## LISTED ENTRIES
-------------------------

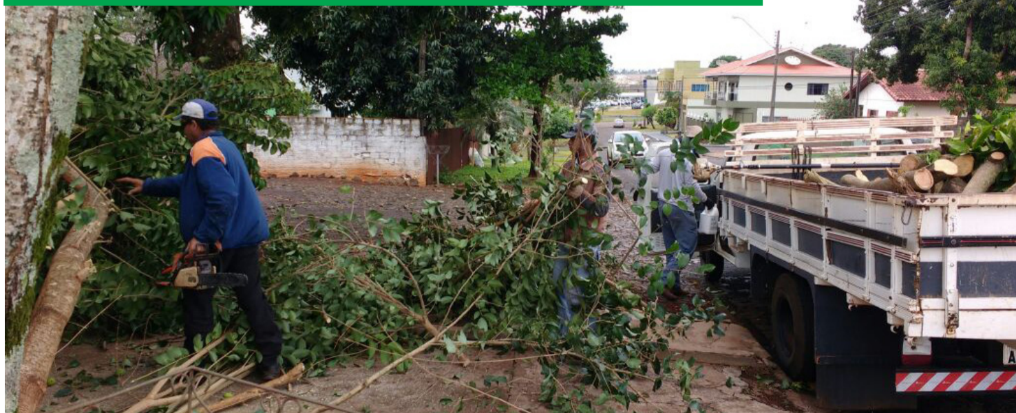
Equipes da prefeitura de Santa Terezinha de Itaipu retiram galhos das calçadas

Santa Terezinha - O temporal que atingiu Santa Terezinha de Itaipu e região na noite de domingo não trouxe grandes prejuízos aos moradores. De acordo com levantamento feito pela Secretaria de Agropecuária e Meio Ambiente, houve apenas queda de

-------------------------

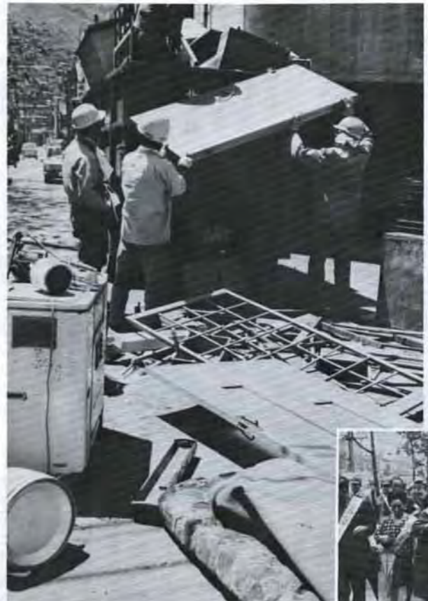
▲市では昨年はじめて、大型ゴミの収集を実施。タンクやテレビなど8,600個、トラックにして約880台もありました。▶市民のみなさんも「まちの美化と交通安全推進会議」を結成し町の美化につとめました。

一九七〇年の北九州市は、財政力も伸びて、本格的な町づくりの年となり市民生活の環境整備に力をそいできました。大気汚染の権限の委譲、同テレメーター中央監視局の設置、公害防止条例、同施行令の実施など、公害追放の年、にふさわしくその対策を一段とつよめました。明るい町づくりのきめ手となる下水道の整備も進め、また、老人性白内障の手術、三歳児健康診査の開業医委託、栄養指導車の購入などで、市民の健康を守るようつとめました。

-------------------------

## PROBLEM TO WORK ON
Copy the records above exactly, beginning at the line that contains "Equipes da prefeitura" and stopping after the line that contains "Santa Terezinha - O".

## TASK RESPONSE
Equipes da prefeitura de Santa Terezinha de Itaipu retiram galhos das calçadas

Santa Terezinha - O temporal que atingiu Santa Terezinha de Itaipu e região na noite de domingo não trouxe grandes prejuízos aos moradores. De acordo com levantamento feito pela Secretaria de Agropecuária e Meio Ambiente, houve apenas queda de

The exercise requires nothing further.